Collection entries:
-*-*-

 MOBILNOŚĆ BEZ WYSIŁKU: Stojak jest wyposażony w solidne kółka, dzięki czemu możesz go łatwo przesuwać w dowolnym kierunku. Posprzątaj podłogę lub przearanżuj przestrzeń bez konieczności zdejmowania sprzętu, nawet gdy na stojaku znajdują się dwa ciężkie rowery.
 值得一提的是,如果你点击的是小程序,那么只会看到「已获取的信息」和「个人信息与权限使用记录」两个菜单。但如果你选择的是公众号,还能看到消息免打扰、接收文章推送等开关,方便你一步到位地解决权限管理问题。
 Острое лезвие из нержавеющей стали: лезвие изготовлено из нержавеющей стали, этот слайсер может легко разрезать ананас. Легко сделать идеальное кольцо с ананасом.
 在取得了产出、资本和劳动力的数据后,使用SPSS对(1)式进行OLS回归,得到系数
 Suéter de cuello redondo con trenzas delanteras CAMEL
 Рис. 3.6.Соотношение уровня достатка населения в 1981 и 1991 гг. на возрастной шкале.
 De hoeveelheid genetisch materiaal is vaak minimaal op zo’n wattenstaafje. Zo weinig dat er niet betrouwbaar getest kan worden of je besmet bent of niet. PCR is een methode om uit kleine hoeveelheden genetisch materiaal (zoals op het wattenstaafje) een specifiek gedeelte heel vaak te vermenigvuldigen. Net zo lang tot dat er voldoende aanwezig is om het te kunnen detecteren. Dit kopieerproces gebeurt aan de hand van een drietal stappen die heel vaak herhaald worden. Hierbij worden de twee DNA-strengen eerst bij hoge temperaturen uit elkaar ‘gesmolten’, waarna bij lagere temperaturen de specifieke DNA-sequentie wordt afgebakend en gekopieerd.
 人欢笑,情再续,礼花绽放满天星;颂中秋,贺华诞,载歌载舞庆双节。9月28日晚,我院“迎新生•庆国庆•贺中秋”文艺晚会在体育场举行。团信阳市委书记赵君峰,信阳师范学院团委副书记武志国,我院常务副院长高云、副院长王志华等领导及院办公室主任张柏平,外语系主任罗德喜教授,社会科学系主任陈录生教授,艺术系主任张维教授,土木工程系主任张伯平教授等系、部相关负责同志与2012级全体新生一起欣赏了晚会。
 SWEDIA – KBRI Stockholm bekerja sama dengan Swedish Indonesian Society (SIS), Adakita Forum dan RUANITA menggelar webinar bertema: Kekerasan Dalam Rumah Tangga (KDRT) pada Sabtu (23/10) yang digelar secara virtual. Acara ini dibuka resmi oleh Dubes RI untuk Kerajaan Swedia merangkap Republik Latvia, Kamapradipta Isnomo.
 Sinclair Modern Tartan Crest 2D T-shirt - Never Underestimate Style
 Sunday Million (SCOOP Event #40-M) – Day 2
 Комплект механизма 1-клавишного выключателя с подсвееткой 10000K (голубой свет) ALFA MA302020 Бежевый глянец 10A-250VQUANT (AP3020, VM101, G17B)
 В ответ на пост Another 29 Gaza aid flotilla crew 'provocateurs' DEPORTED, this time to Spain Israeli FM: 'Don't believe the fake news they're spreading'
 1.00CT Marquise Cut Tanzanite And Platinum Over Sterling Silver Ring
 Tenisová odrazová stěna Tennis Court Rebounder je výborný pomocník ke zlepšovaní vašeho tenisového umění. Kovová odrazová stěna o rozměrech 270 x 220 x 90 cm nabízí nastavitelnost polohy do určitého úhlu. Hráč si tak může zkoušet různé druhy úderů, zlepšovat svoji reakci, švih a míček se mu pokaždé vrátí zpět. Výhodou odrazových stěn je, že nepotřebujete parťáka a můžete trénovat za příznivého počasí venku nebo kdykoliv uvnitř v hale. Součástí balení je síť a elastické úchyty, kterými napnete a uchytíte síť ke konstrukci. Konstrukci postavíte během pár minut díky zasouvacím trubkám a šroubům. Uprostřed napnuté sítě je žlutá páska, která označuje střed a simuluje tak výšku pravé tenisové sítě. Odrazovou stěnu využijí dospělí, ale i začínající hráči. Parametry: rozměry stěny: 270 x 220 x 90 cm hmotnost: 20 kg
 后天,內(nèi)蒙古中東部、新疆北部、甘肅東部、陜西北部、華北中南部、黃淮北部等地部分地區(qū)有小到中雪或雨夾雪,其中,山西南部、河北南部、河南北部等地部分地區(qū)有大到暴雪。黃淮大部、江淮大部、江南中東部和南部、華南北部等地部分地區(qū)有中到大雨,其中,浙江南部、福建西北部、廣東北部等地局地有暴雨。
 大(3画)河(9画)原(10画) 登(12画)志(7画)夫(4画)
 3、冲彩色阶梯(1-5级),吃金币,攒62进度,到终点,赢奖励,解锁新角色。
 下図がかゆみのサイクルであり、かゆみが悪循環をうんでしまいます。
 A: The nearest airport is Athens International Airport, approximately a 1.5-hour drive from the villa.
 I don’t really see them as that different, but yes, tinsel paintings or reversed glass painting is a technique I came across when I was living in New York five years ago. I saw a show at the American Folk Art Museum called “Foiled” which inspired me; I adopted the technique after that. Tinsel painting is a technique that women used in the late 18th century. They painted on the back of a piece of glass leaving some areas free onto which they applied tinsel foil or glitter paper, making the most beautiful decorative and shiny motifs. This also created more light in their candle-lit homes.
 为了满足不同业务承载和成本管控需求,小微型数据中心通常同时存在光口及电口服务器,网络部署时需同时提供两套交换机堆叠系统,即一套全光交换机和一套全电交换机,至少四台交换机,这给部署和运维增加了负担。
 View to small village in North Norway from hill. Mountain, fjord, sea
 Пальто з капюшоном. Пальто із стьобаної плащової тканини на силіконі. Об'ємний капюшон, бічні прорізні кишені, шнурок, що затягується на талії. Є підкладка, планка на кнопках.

-*-*-

● Exercise details: Using the records above, copy word for word the line with "值得一提的是,如果你点击的是", the line with "Острое лезвие из", and every line between them.

● Answer below:
 值得一提的是,如果你点击的是小程序,那么只会看到「已获取的信息」和「个人信息与权限使用记录」两个菜单。但如果你选择的是公众号,还能看到消息免打扰、接收文章推送等开关,方便你一步到位地解决权限管理问题。
 Острое лезвие из нержавеющей стали: лезвие изготовлено из нержавеющей стали, этот слайсер может легко разрезать ананас. Легко сделать идеальное кольцо с ананасом.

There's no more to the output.